Equities and oil tank as deadly coronavirus triggers panic

28 January 2020 09:38 am - 0     - {{hitsCtrl.values.hits}}


A couple wearing face masks kiss on an underground metro train as another passenger (R) is reflected on a platform glass door during a Lunar New Year of the Rat public holiday in Hong Kong on January 27, 2020, as a preventative measure following a coronavirus outbreak, which began in the Chinese city of Wuhan


(Hong Kong) AFP: World stock markets and oil prices plunged yesterday, as panicking investors bolted for safer assets after China warned that the spread of a deadly coronavirus was accelerating.
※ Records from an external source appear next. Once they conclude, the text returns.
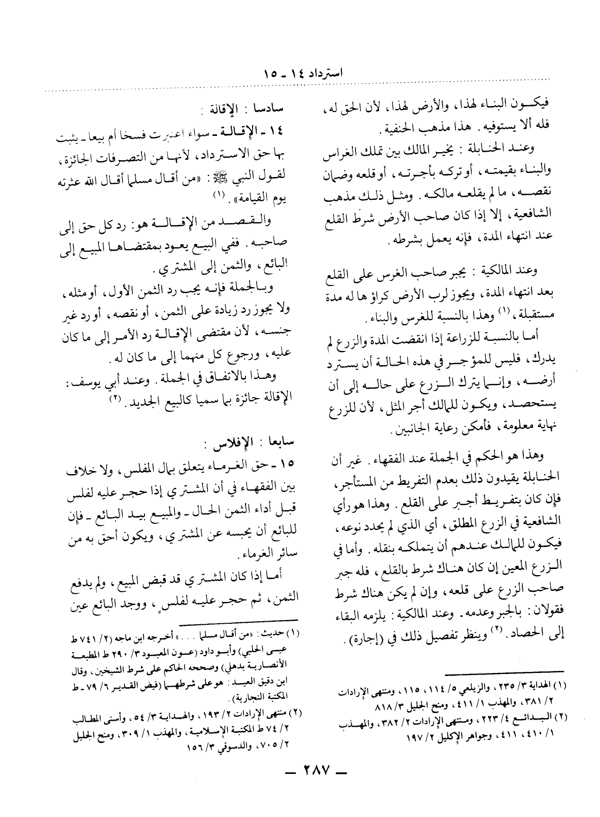 (1) حديث: " من أقال مسلما. . . " أخرجه ابن ماجه (2 / 741 ط عيسى الحلبي) وأبو داود (عون المعبود 3 / 290 ط المطبعة الأنصارية بدهلي) وصححه الحاكم على شرط الشيخين، وقال ابن دقيق العيد: هو على شرطهما (فيض القدير 6 / 79 - ط المكتبة التجارية) .
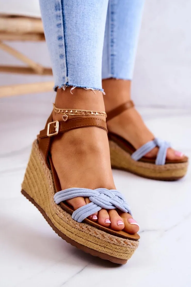Discount Boto Modne Sandały Na Koturnie Niebieskie Roseville
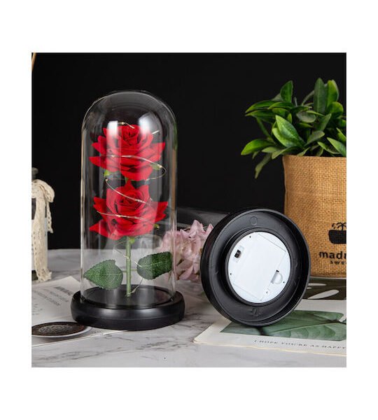 Παντοτινά Τριαντάφυλλα σε Βάζο ABS με Πολύχρωμα LED – RGB LED Κόκκινα 2 Τριαντάφυλλα 19x11cm
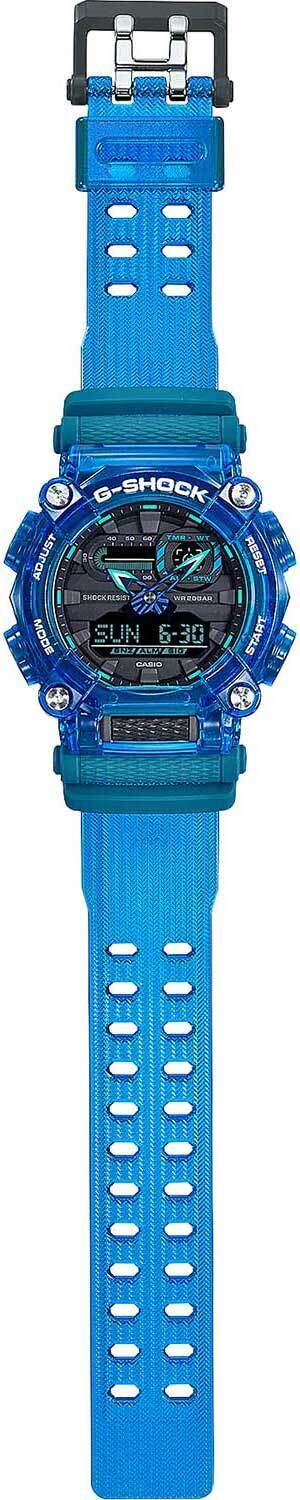 Мужские кварцевые аналогово-цифровые наручные часы. Коллекция Casio G-Shock . Противоударный корпус защищает внутренний модуль часов от повреждений и деформаций при ударах. Cветодиодная подсветка, настройка продолжительности подсветки 1,5 или 3 секунды, послесвечение. 12-ти и 24-х часовой формат отображения времени. Секундомер с точностью показаний 1/100 секунды и временем измерения 24 часа. Режимы измерения: прошедшее время, промежуточное время, два финишных результата, быстрое включение секундомера из режима Текущего времени. Таймер обратного отсчета от 1 мин до 60 мин (с интервалом в 1 минуту). Мировое время – 48 городов (31 часовой пояс), всемирное координированное время (UTC). Переключение между домашним и мировым временем. Функция включения/отключения летнего времени. Автоматический календарь до 2099 г. 5 ежедневных будильников (1 с повтором сигнала); сигнал начала часа. Функция отключения/включения звука кнопок. Функция перемещения стрелок для удобного просмотра информации на цифровом экране. Круглый корпус из полупрозрачного пластика синего цвета. Размеры корпуса 49,5 мм на 52,8мм, толщина 16,9мм. Минеральное стекло устойчивое к мелким механическим повреждениям. Пластиковый ремешок синего цвета с классической застежкой buckle. Батарея рассчитана на 7 лет. Водонепроницаемость 200 WR (плавание и ныряние без акваланга). Вес около 65 г.

China extended its biggest national holiday to buy time in the fight against a viral epidemic and neighbouring Mongolia closed its border, after the death toll spiked to 81 despite unprecedented quarantine measures.

Approaching the half-way stage in Europe, Frankfurt sank 2.3 percent, London dived 2.5 percent and Paris shed 2.4 percent, as fears mounted over the overall impact on the global economy.
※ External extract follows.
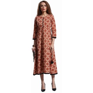 Know MoreJanasya beige embellished 3/4 sleeves A-Line cotton kurti
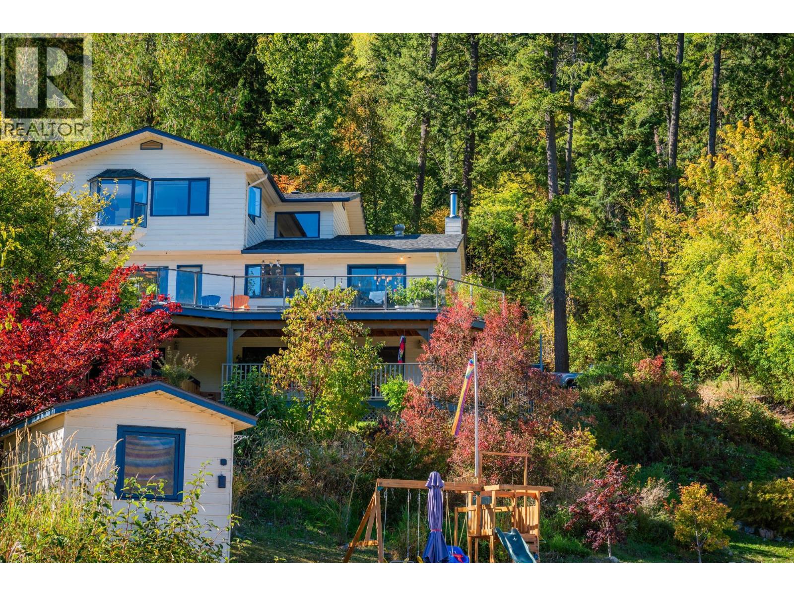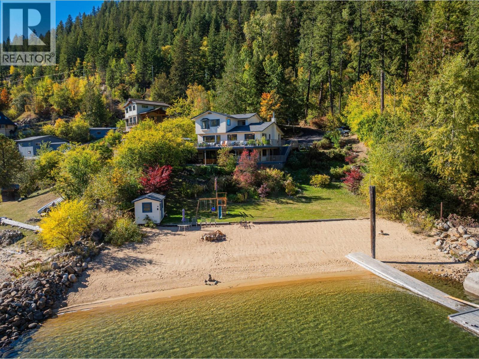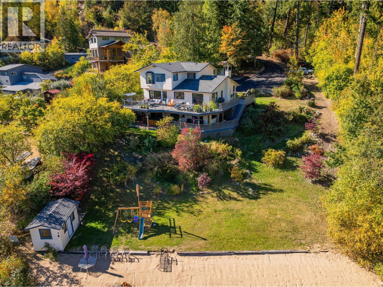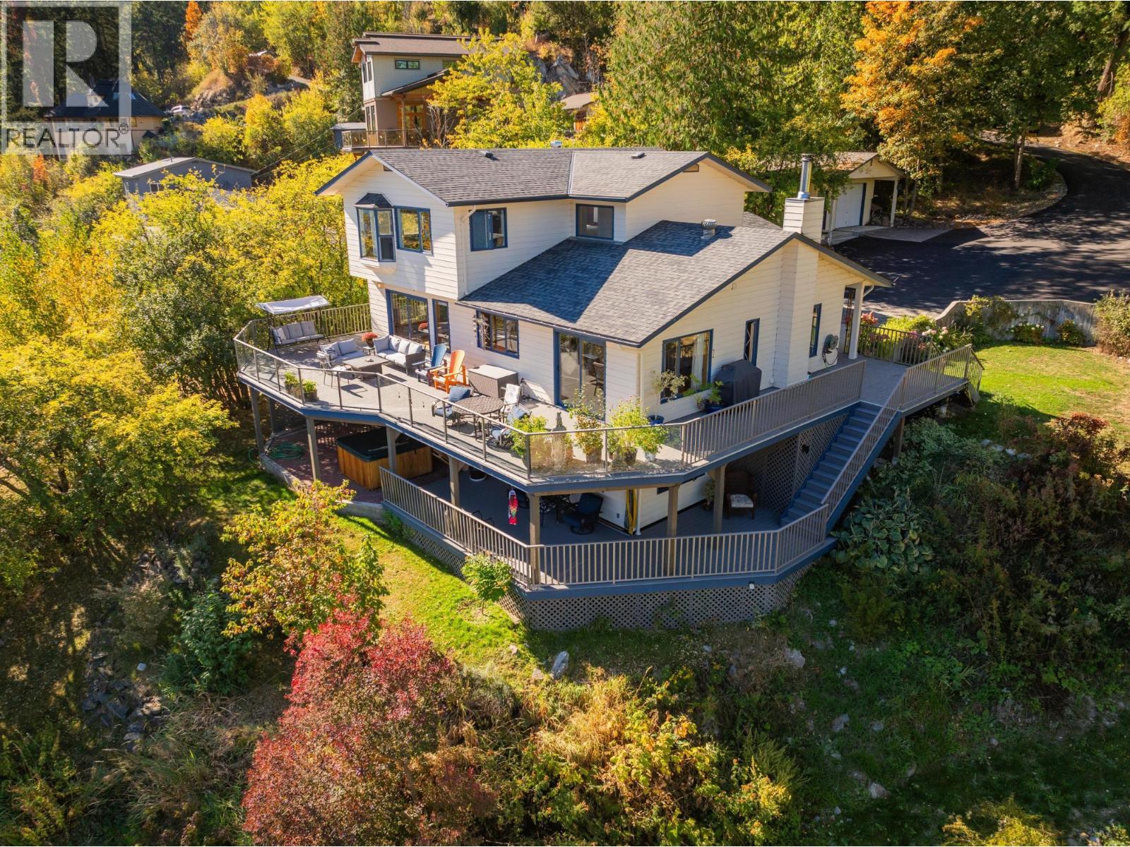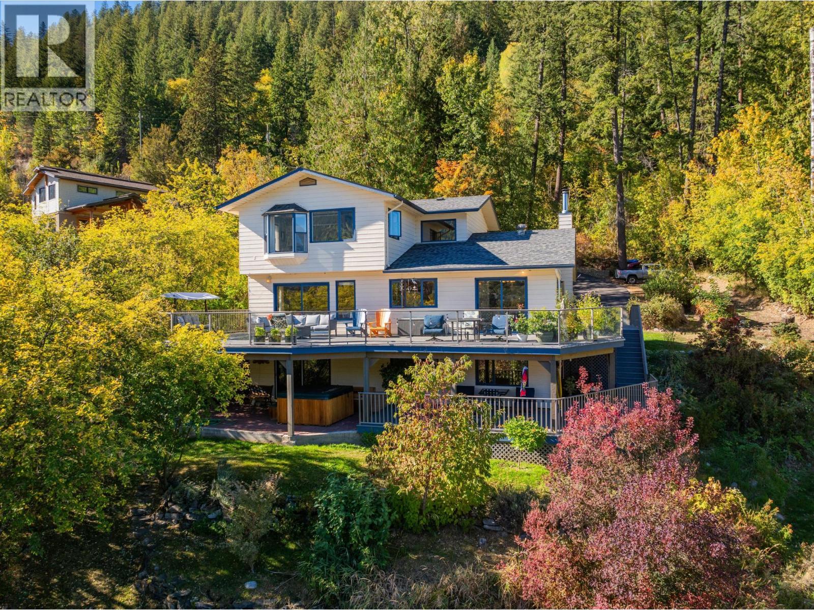 Welcome to your dream waterfront home, a stunning retreat that seamlessly blends luxury living with breathtaking views of the city, bridge, and mountains. This 5-bedroom, 3-bathroom residence offers the perfect mix of privacy and convenience, just 5 minutes from the charming town of Nelson. You'll be captivated by its serene surroundings and the tranquil sandy beach, perfect for enjoying sunny afternoons by the water. The home features a spacious two-level wrap-around deck, with a sunny upper section for soaking in the sun and a shady lower area for relaxation. There's also a convenient little beach cabin, ideal for storing your water toys or enjoying quiet moments by the shore. Abundant spring water enhances the property, ensuring a sustainable and refreshing source. Inside, you'll find recent flooring upgrades that elevate the home's modern appeal. The open-concept living spaces are designed for both relaxation and entertaining, with ample natural light streaming through large windows. The well-appointed kitchen flows seamlessly into the dining and living areas, making it perfect for family gatherings or entertaining friends. Additionally, the lower level has suite potential, offering flexibility for guests or rental income. The detached garage and carport provide plenty of storage for vehicles and all gear. This property is a rare find in one of the most desirable locations near town, allowing you to enjoy the beauty of nature without sacrificing access to urban amenities. (id:48970) Show More

Benchmark oil prices tanked 3.5 percent with trade slammed by concerns over demand from the world’s top energy consumer China, but haven assets like gold and the yen rallied. “Market participants in Europe have grave concerns about coronavirus,” said Ava Trade analyst Naeem Aslam.

“The bottom line is that the virus has become deadly and it has caused a major panic in markets.” Chinese President Xi Jinping warned over the weekend that China was facing a “grave situation” given the “accelerating spread” of the new SARS-like virus that has infected nearly 1,300 people across the country.

As the number of people infected affected worldwide approached 3,000, analysts said there were growing fears the crisis could become as bad as the Severe Acute Respiratory Syndrome (SARS) outbreak that hammered Asian markets in 2003.

“Coronavirus fears have gripped the markets .. as all the major European equity benchmarks are nursing big losses,” said analyst David Madden at trading firm CMC Markets UK.
“Stocks that are connected to China are feeling the pain ... as traders are afraid the health crisis will curtail economic activity.”

The outbreak has led China to lock down the epicentre of the disease, Wuhan -- a city of 11 million people -- while imposing tight travel restrictions on a number of other cities including Beijing.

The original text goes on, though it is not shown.